Here's an action plan:

  • Several "abusive" days per year are fairly normal. An abusive day each week isn't.
  • Stop eating when you are full.
  • Don't automatically order the largest size of a menu item. Go small and reasonable. Do you really need to supersize everything?
  • Just because you want to try the appetizer doesn't mean you should eat the entire appetizer. And the bread. And the salad with croutons, cheese, and dressing. And have four drinks with dinner. And finish your plate.
  • You probably don't need seconds. Wait an hour and relax. If you're still hungry have a light snack before bed.

Tip #3 - Move More Than You Want To

Look, lifting is great. It builds those beautiful bicepticons and titanic tricepticons. Resistance training forges mountain-peak traps and boulder shoulders. Or, if you're a woman and simply after "toning," barbells and dumbbells will create that fit and fantastic body you desperately desire.

But resistance training serves only a few purposes, really. It helps build a better-looking body. Lifting helps with health markers and with functional strength, or a better quality of life.

All this is great, but pushing for strength progress isn't really the best way to burn a lot of calories.

You need more movement. In fact, you probably need to move a lot more than you want to. Not only does a substantial amount of endurance training allow you to eat more, minimizing the likelihood that you'll gain weight, but it's also good for longevity. [2]

Don't set your standards for movement (exercise) too low. Get your heart rate elevated multiple times each week and keep it there. Don't just grind out 20-minute boring cardio sessions, challenge yourself.

Do more. Expect more. Test yourself.

Cardio is boring, for the sane among us, that is. Do more than cardio. In fact, don't think of exercise as cardio. Get off the treadmill and go live.

Hike. Run. Kayak. Rock climb. Bike. Get your butt in the sun. Smell the air and trees.

I understand that you don't have much time. I also understand you're generally lying to yourself. Most of us have the time but exercise is simply not a priority. 

The average U.S. consumer watches nearly four hours of TV per day. [3] You have time, you just don't want to make time.

Imagine being super-fit. Imagine burning so many calories each week that it allows you to scarf down more food and makes it very difficult to gain weight.

Sounds impossible, I know. It's not.

My wife and I spend 10 hours each week trail running. I burn on average over 1,000 extra calories per day. Certainly, you don't have to be crazy like me, but you can do more.

Moving more is motivating.

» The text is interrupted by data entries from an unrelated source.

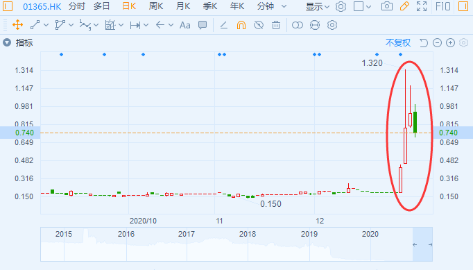 这一年,中国的春节来得很早。在疫情“黑天鹅”的意外来袭之下,股民们与期待已久的“开门红”失之交臂。 但就在欧美股市震荡、港股一片惨淡之际,有一只医药“仙股”异军突起, 4个交易日暴涨30倍,1月涨幅高达1773%。 在1月29日这一天,也就是港股年后开市的第一天,中国医疗集团大涨280%,第二天又再接再厉猛涨388%。到了1月的最后一天,这只股票一度涨至3.91港元,创下盘中历史新高。
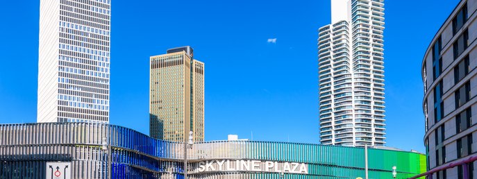 Das Skyline Plaza ist ein modernes Einkaufs- und Erlebniszentrum im Europaviertel Frankfurt, das 2013 eröffnet wurde. Mit rund 170 Geschäften, vielfältiger Gastronomie und einem großen Fitness- und Wellnessbereich zählt es zu den größten Shopping-Malls der Stadt. Architektonisch sticht das Gebäude durch seine geschwungene Fassade und das farbige, wabenartige Design hervor, das an eine dynamische Stadtskulptur erinnert. Besonders beliebt ist die rund 10.000 Quadratmeter große Dachterrasse, die als öffentlich zugänglicher Skyline Garden gestaltet ist: mit Grünflächen, Spazierwegen, Cafés und einem eindrucksvollen Blick auf die Frankfurter Hochhäuser.
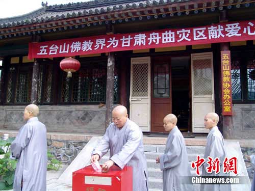 23日上午8時左右,五臺山佛教協(xié)會門外,不約而同趕來的五臺山各寺廟的師傅們排成了幾條長龍,飽含著對舟曲災(zāi)區(qū)人民的關(guān)愛之意,捧出一片愛心,神圣地放入了捐款箱中,從而掀起了五臺山佛教界向舟曲災(zāi)區(qū)人民送溫暖、送愛心的高潮。
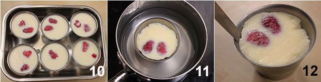 vierte en el molde la primera capa de panna cotta que cubrirá las frambuesas hasta la mitad de su altura 7. Deja que la primera capa se solidifique en el frigorífico durante aproximadamente 1 hora o en el congelador durante 30 minutos; mientras tanto, cubre la mezcla restante con una capa de film, haciendo un pequeño agujero en la superficie para que pase el aire y mantenla a temperatura ambiente, alejada de fuentes de calor, mezclando con el batidor de vez en cuando. Pasado el tiempo indicado, coloca otras dos frambuesas dentro del molde 8 y cubre con la segunda capa de panna cotta 9.
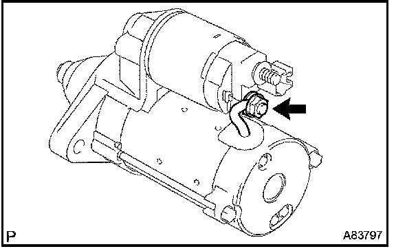 1. Disconnect the negative (-) lead from the starter body. Check that the clutch pinion gear returns.
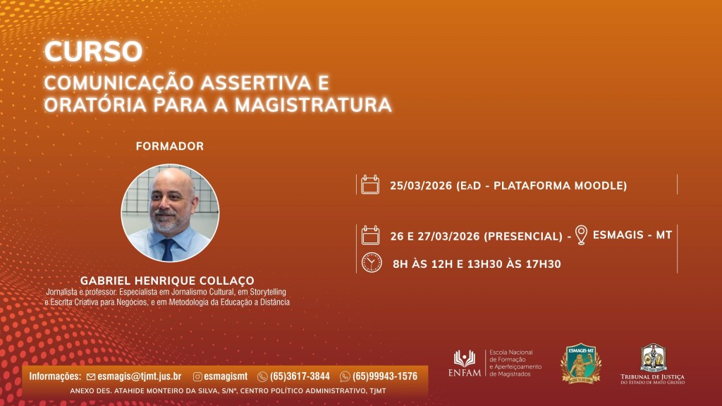 A iniciativa, que ocorre de 25 a 27 de março, integra o calendário de capacitações da Escola Superior da Magistratura de Mato Grosso (Esmagis-MT) e reforça o compromisso da instituição com o desenvolvimento das competências essenciais ao exercício da jurisdição, especialmente no campo da comunicação profissional.
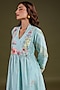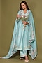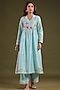 Featuring a light blue kurta in silk chanderi base with print, beads and thread embroidery. It is paired with printed straight pants. Accentuate it with dangler earrings and heels for a festive occasion or pooja ceremony.
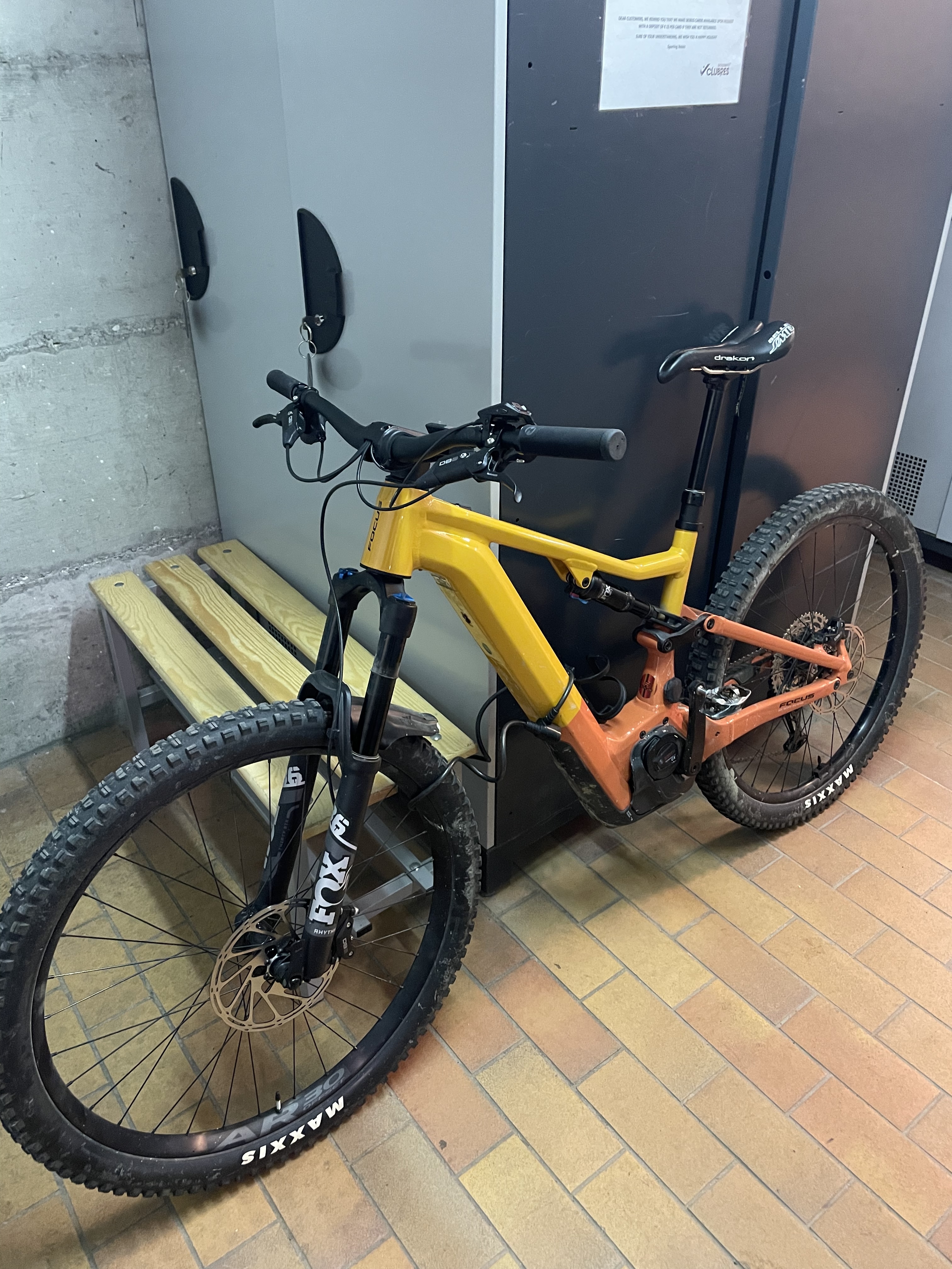 Mountain Bike Elettrica seminuova, nessun segno di usura, sella SMP, piccolo adesivo tondo Focus sul piantone reggisella, cicalino elettrico sul manubrio parte destra.
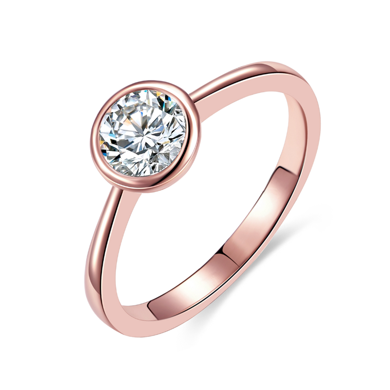Rg White Gold Plated With Diamond Cubic Zirconia Bezel Solitaire Ring
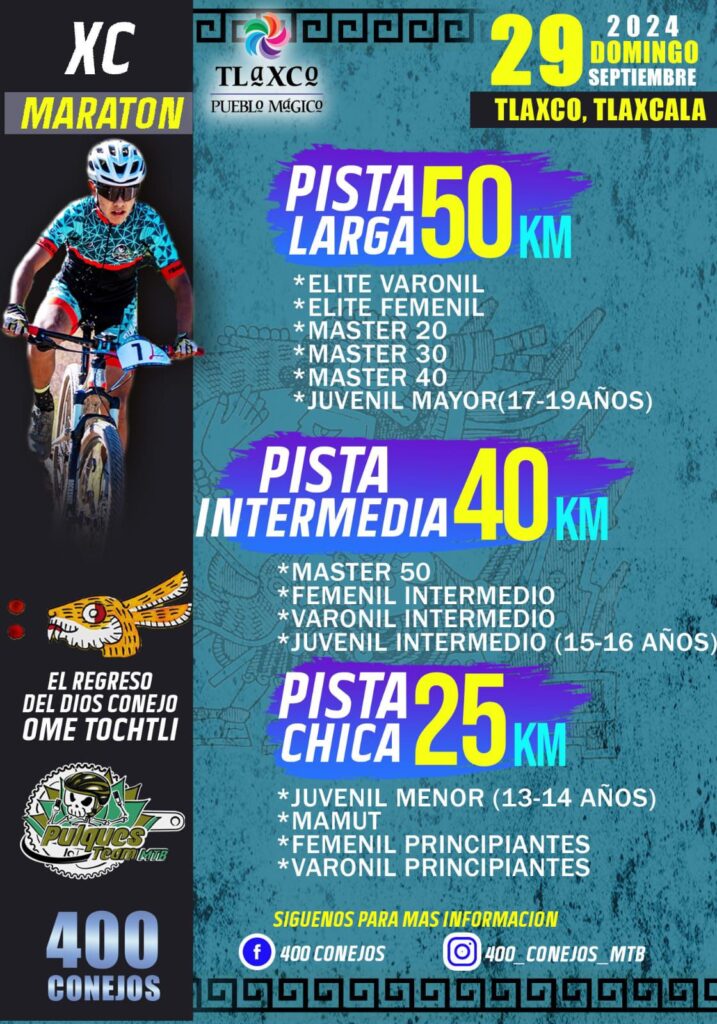 *Invita al XC maratón “El Regreso del Dios Conejo Ome Tochtli”, a realizarse el próximo 29 de septiembre
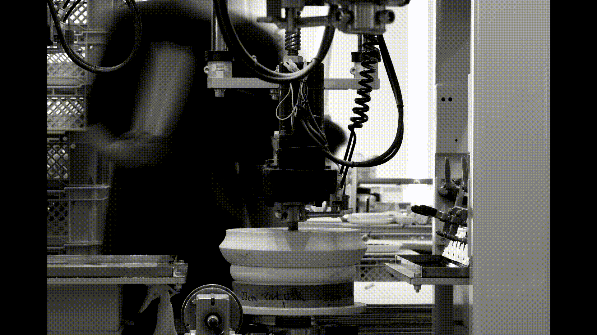 ステンレスの板にシルクスクリーンで柄を刷り、その模様をシリコンパッドに転写。器のフォルムに沿ってパッドが変形しながらプリントを行うことで、多様な形状に正確に絵柄を載せることができます。平面から立体にプリントする技法のため、初期設定の柄合わせに時間と技量を必要とする技法です。
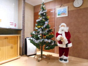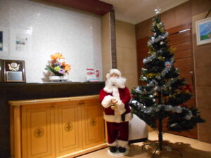 ツリーと共にサンタさんがお出迎えです🎅

It has a tendency to keep you focused on healthier eating and smarter food choices. Eating becomes more than just about taste; you may find you also focus on "food as fuel."

Here's an action plan:

  • Cut down your TV time. You won't die, trust me.
  • Get outside and move.
  • When you can't get outside, elevate... Walk or run on a slightly-inclined treadmill. Use the Stairmaster. Do something that requires upward movement. You'll burn more calories.
  • Move more. Be exceptional, not mediocre. 

1) "23 Exceptional Fad Diet Statistics." HRF, 9 Oct. 2014, healthresearchfunding.org/23-exceptional-fad-diet-statistics/.

2) "Longevity & Telomere Length - Endurance Training More Important Than Weights?" Tiger Fitness, 30 Apr. 2019, www.tigerfitness.com/blogs/health/want-to-live-longer-exercise-more.

3) "Television Consumption." Wikipedia, the Free Encyclopedia, Wikimedia Foundation, Inc, 2 Feb. 2017, en.wikipedia.org/wiki/Television_consumption. Accessed 15 May 2019.